Coronal holes are part of the Sun's corona and are constantly changing and reshaping because the corona is not uniform. Coronal holes are areas where the Sun's corona is darker, and colder, and has lower-density plasma than average because there is lower energy and gas levels. The sun contains magnetic fields that arch away from areas in the corona that are very thin due to the lower levels of energy and gas, which cause coronal holes to appear when they do not fall back. Thus, solar particles or solar wind escape and create a lower density and lower temperature in that area. The aurora borealis that is seen at the northern and southern poles are the result of solar wind entering the Earth’s atmosphere.
In the 1960s, the Sydney Chris Cross radio telescope took x-ray images, although it was unclear what they were. Some research also points out that coronal holes were first spotted in the early 1970s. These were found when X-ray telescopes in the Skylab mission were flown above the Earth's atmosphere to reveal the structure of the corona.

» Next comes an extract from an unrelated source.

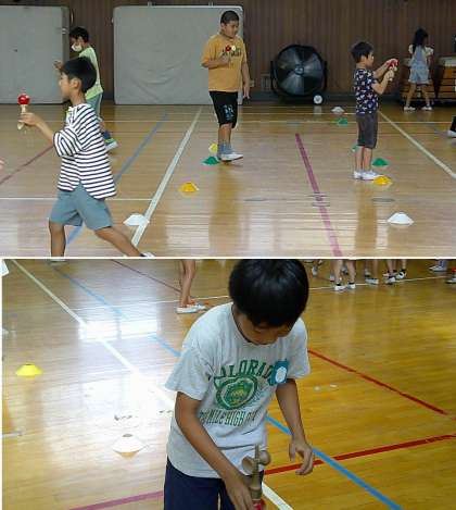 たてわり班ごとに、けん玉の玉を乗せた状態でコーンを回ります。
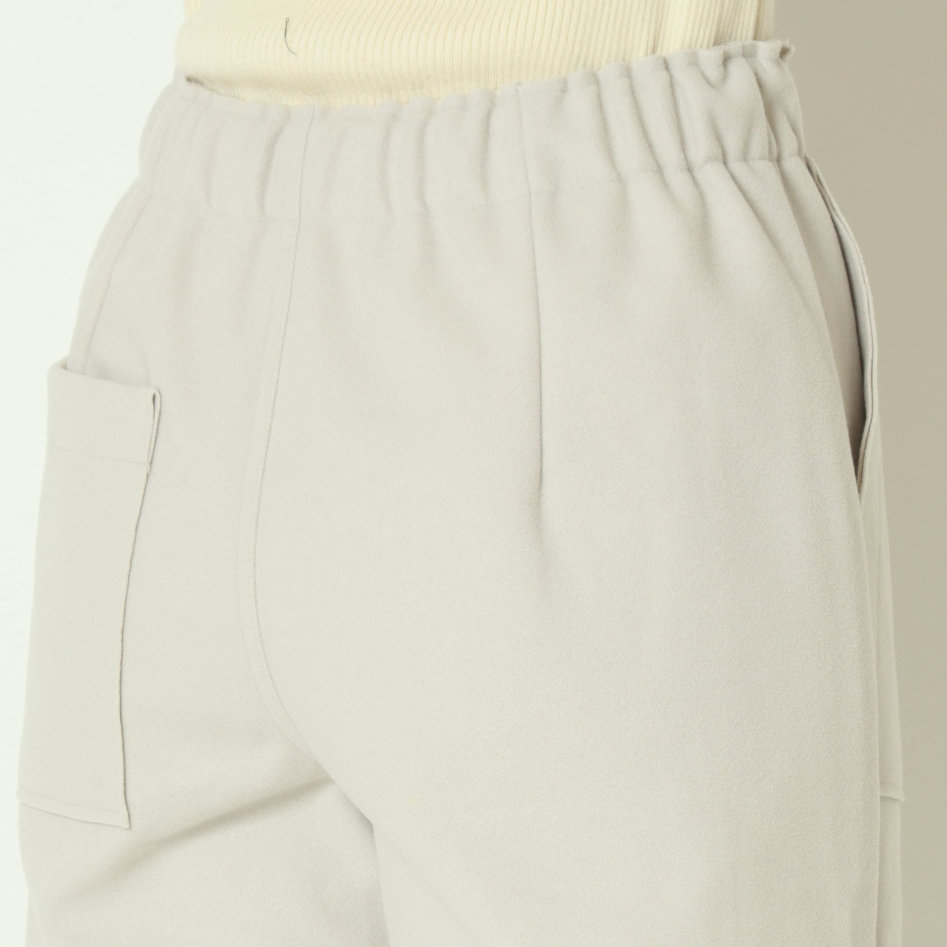 ウエストは後ろゴムになっているのでインスタイルでもすっきりときれいめに着こなしていただけます。

Their size and numbers vary based on the solar cycle. It is known that every 11 years coronal holes reach their maximum. During a solar maximum, the number of coronal holes actually decreases because the magnetic fields are about to reverse in the Sun’s core. New coronal holes appear at the opposite magnetic alignment. They appear and expand over the pole and continue to do so even when the sun moves to solar minimum again. Coronal holes are linked to unipolar concentrations of open magnetic field lines. During solar minimum, coronal holes are mainly found at the Sun's polar regions, but they can be located anywhere on the sun during solar maximum. There are permanent coronal holes on the north and south poles of the Sun, which is why even during solar minimum there are still coronal holes.
Coronal Holes and Solar Wind
Coronal holes generally discharge fast solar wind, which is solar material that the sun spews out into the solar system, that is about twice the speed that it normally is. The escaping solar wind is known to travel along open magnetic field lines that pass through coronal holes and do not connect back. Since coronal holes are regions in the sun’s corona that have much lower densities and temperatures than most of the corona, these regions are then very thin, which contribute to the escape of solar wind. Since these areas are so thin, particles within the chromosphere can easily break through as magnetic field lines and allow solar wind to escape, which is usually 10^9 kg of material and is made up of electrons and nuclei of hydrogen and helium as well as other particles such as ions and more massive atoms that include silicon, sulfur, calcium, chromium, nickel, iron, and argon.
On June 18, 2013, a large coronal hole was spotted in the Sun, spanning at least 400,000 miles across (almost half of the Sun's diameter).